Multiple implications of 3-phosphoinositide-dependent protein kinase 1 in human cancer

Figure 1 Secondary structure and phosphorylation sites of 3-phosphoinositide-dependent protein kinase-1. A: 3-phosphoinositide-dependent protein kinase-1 (PDK1) consists of an N-terminal kinase catalytic domain (CD; amino acids 71-359) and a C-terminal pleckstrin homology (PH) domain (amino acids 459-550). The nuclear export sequence (NES) (amino acids 379-388) is essential for exporting PDK1 into the cytoplasm from the nucleus. The phosphorylation sites of PDK1 include Ser-241 and Tyr-373/376, which is dependent on Tyr-9 and required for PDK1 catalytic activity; B: Crystal structure of the human PDK1 kinase domain. Residues 71-163 are green (small lobe) and residues 164-358 are blue (large lobe). The αC-helix (amino acids 124-136) is boxed in black and encompasses residues 287-295, which are purple. The hydrophobic motif (HM) pocket with the Ser-241 in the activation loop is also shown. This figure was adopted from Biondi et al[26], 2002.

Figure 2 Proposed mechanism for the regulation of 3-phosphoinositide-dependent protein kinase-1 phosphorylation and stability. 3-phosphoinositide-dependent protein kinase-1 (PDK1) autophosphorylates itself on Ser-241. In the presence of pervanadate or insulin, PDK1 is phosphorylated on Tyr-9 and Tyr-373/376 with the help of Src and heat shock protein 90 (Hsp90). Tyrosine phosphorylation further increases PDK1 catalytic activity. In the absence of Hsp90 interaction, PDK1 is promoted towards proteasome-dependent degradation. This figure was adopted from Yang et al[41], 2008. PI3K: Phosphoinositide 3-kinase; PI(4,5)P₂: Phosphatidylinositol 3,4 bisphosphate; PI(3,4,5)P₃: Phosphatidylinositol 3,4,5 trisphosphate; CA: Constitutively active; PH: Pleckstrin homology; PKB: Protein kinase B; SGK: Serum and glucocorticoid-inducible kinase.

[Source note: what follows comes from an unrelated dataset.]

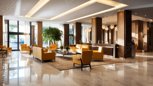 Elegant modern hotel lobby with yellow armchairs and reception desk
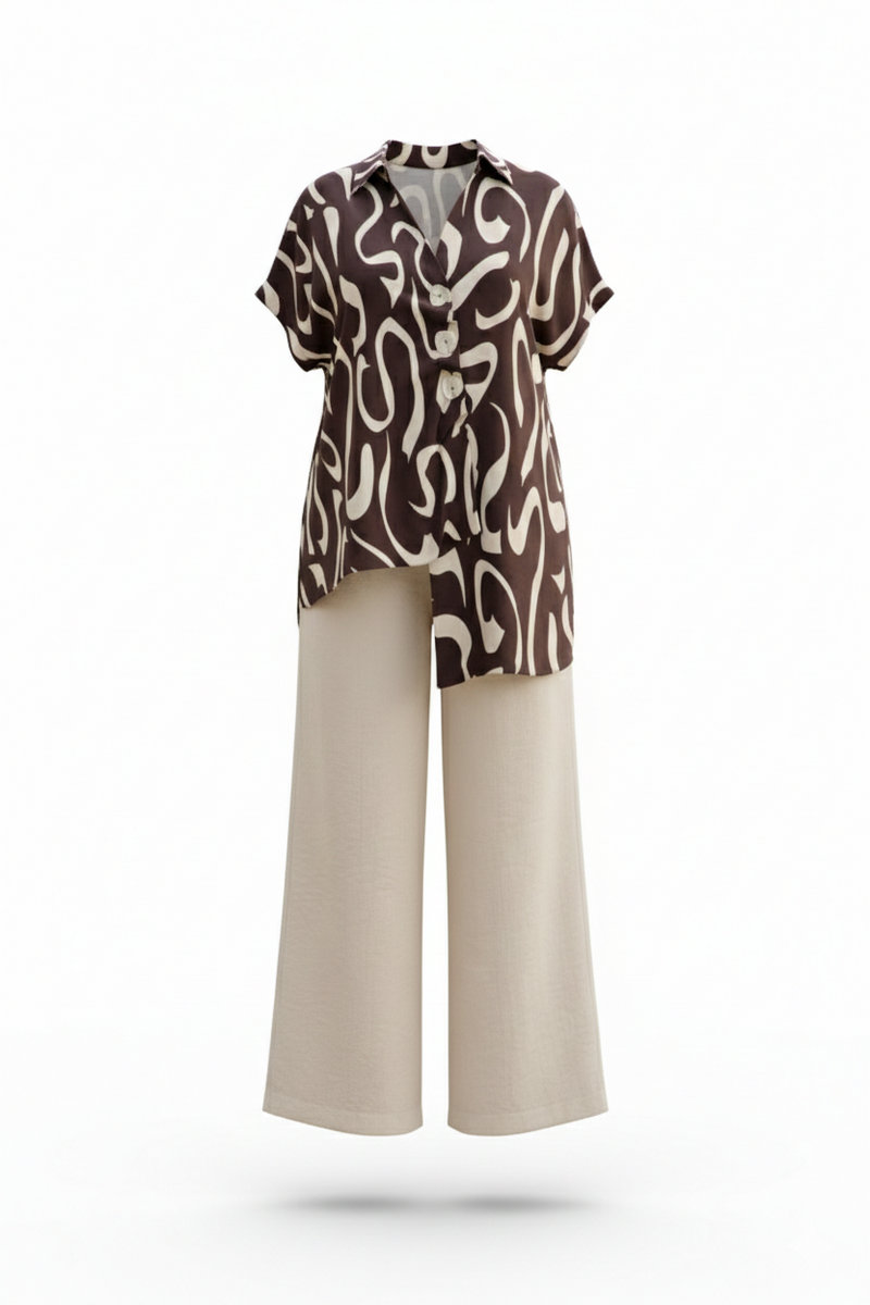 Брюки не обтягивают — они оформляют. Они создают вертикаль, которая: визуально вытягивает силуэт — делая его стройнее, балансируют с объёмом блузки — создавая гармонию, позволяют

Figure 3 Regulation of 3-phosphoinositide-dependent protein kinase-1 cellular localization. A: 3-phosphoinositide-dependent protein kinase-1 (PDK1) resides in the cytoplasm and membranes in unstimulated cells, and can shuttle between these two compartments. The treatment of cells with leptomycin-B results in PDK1 accumulation in the nucleus. The localization of this kinase to the plasma membrane is disrupted by caveolin-1; B: PDK1 can translocate to the plasma membrane following treatment with pervanadate or insulin, which leads to PDK1 phosphorylation on Tyr-9 and Tyr-373/376; C: Nucleus-cytoplasm shuttle. (1) Phosphoinositide 3-kinase (PI3K) signaling regulates PDK1 nuclear translocation; (2) Insulin growth factor-1 (IGF-1) induces Ser-396 phosphorylation, thereby placing the serine-rich motif (amino acids Ser-389-396) close to its nuclear export sequence (NES) region, which leads to PDK1 nuclear translocation; and (3) Tyrosine phosphatase SH2 domain-1 (SHP-1) binds to PDK1 following tyrosine phosphorylation. The SHP-1/PDK1 complex is recruited to the nuclear membrane by binding to perinuclear phosphatidylinositol 3,4,5 trisphosphate, where SHP-1 and its nuclear localization signal (NLS) facilitates active import. In addition, Src promotes the association of SHP-1 to PDK1. Nuclear PDK1 regulates its nuclear substrates and activates corresponding signaling pathways. PTEN: Phosphatase and tensin homolog; CA: Constitutively active; PH: Pleckstrin homology; PKB: Protein kinase B; SGK: Serum and glucocorticoid-inducible kinase; Hsp90: Heat shock protein 90.